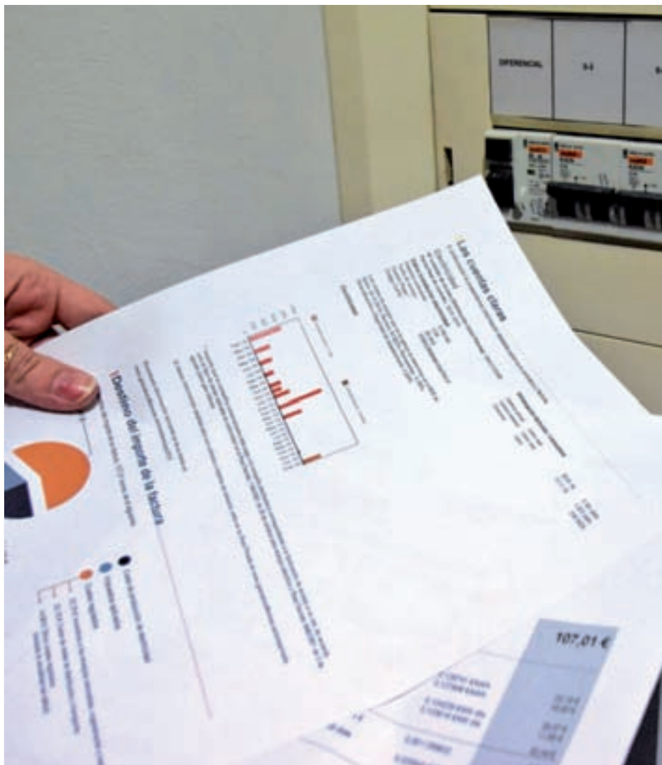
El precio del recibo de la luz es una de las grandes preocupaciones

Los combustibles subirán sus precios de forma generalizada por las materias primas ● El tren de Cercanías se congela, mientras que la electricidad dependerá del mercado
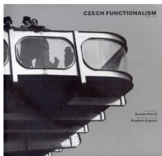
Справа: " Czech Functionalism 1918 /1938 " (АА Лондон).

● ● ●

With the pictures left out, return all the material above exactly.

→ Result of the exercise
El precio del recibo de la luz es una de las grandes preocupaciones

Los combustibles subirán sus precios de forma generalizada por las materias primas ● El tren de Cercanías se congela, mientras que la electricidad dependerá del mercado
Справа: " Czech Functionalism 1918 /1938 " (АА Лондон).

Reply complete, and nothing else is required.